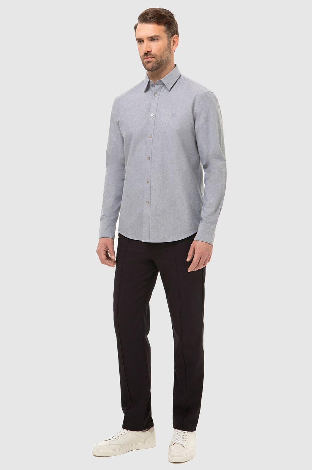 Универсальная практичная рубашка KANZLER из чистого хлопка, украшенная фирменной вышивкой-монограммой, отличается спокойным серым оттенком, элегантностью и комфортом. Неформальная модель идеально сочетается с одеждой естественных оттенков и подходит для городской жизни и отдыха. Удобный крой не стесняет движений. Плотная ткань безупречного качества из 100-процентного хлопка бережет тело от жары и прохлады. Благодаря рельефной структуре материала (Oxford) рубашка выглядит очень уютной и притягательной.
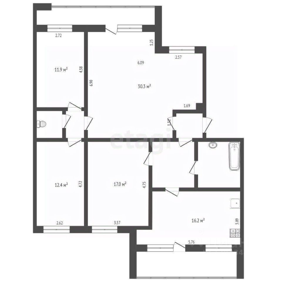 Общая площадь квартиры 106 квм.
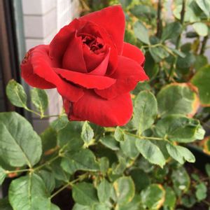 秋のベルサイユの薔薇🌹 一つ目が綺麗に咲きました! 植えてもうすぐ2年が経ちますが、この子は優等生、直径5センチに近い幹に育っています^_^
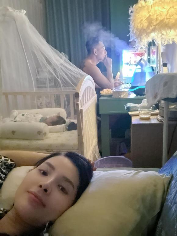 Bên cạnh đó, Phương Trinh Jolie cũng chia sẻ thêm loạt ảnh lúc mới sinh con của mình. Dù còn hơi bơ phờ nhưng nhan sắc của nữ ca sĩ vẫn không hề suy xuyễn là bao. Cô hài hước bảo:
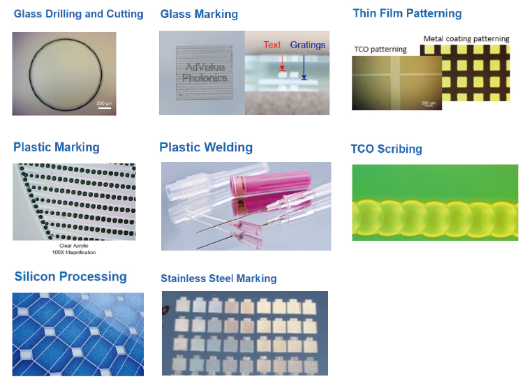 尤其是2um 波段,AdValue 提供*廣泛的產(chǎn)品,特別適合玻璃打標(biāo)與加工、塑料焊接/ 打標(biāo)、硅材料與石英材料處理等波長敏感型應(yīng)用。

+ + + +

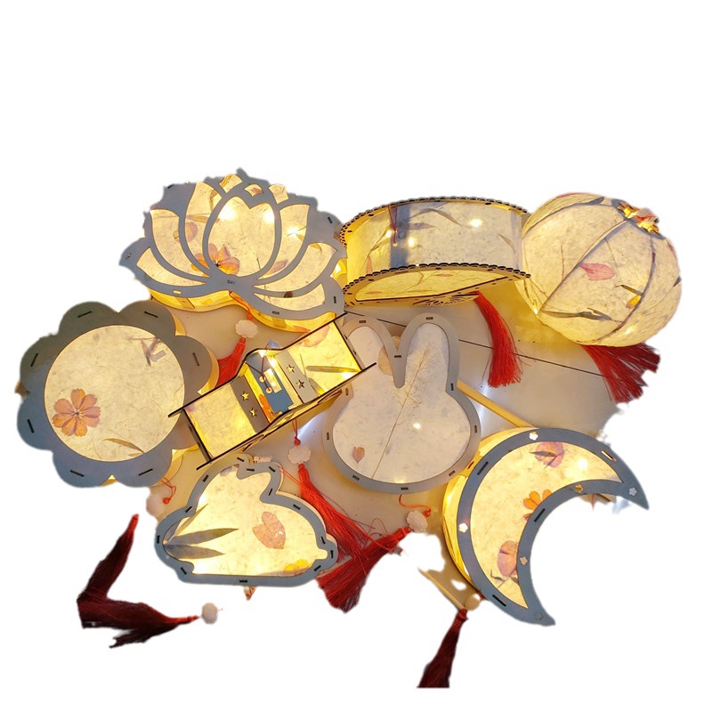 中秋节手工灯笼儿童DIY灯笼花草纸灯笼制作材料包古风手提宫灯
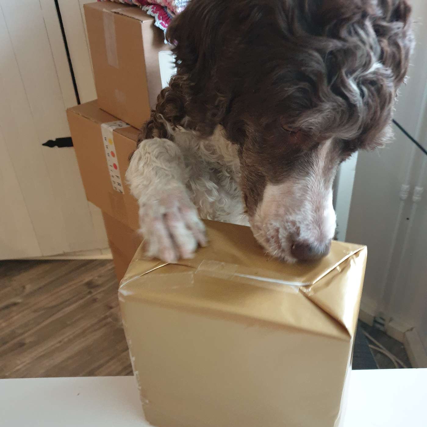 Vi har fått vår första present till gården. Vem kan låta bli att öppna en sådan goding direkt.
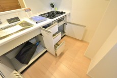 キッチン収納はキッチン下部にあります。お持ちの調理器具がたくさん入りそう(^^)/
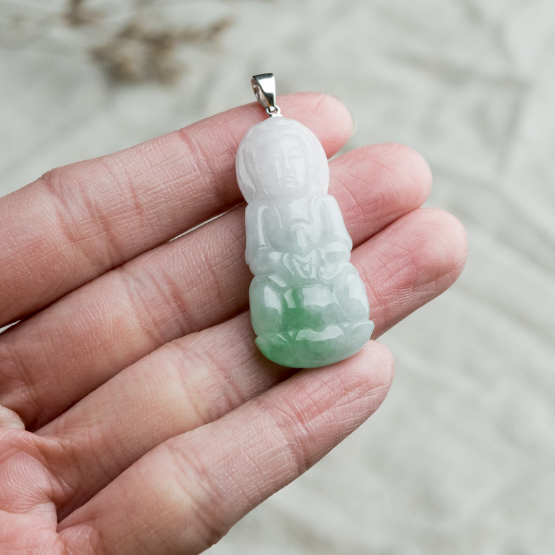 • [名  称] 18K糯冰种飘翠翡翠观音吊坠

+ + + +

Exercise brief
Pictures aside, return exactly the lines from the data above, starting at the line that has "Общая площадь квартиры 106 квм." and ending at the line that has "尤其是2um 波段,AdValue 提供*廣泛的產(chǎn)品,特別適合玻璃打標(biāo)與加工、塑料焊接/", both included.

Written solution
 Общая площадь квартиры 106 квм.
 秋のベルサイユの薔薇🌹 一つ目が綺麗に咲きました! 植えてもうすぐ2年が経ちますが、この子は優等生、直径5センチに近い幹に育っています^_^
 Bên cạnh đó, Phương Trinh Jolie cũng chia sẻ thêm loạt ảnh lúc mới sinh con của mình. Dù còn hơi bơ phờ nhưng nhan sắc của nữ ca sĩ vẫn không hề suy xuyễn là bao. Cô hài hước bảo:
 尤其是2um 波段,AdValue 提供*廣泛的產(chǎn)品,特別適合玻璃打標(biāo)與加工、塑料焊接/ 打標(biāo)、硅材料與石英材料處理等波長敏感型應(yīng)用。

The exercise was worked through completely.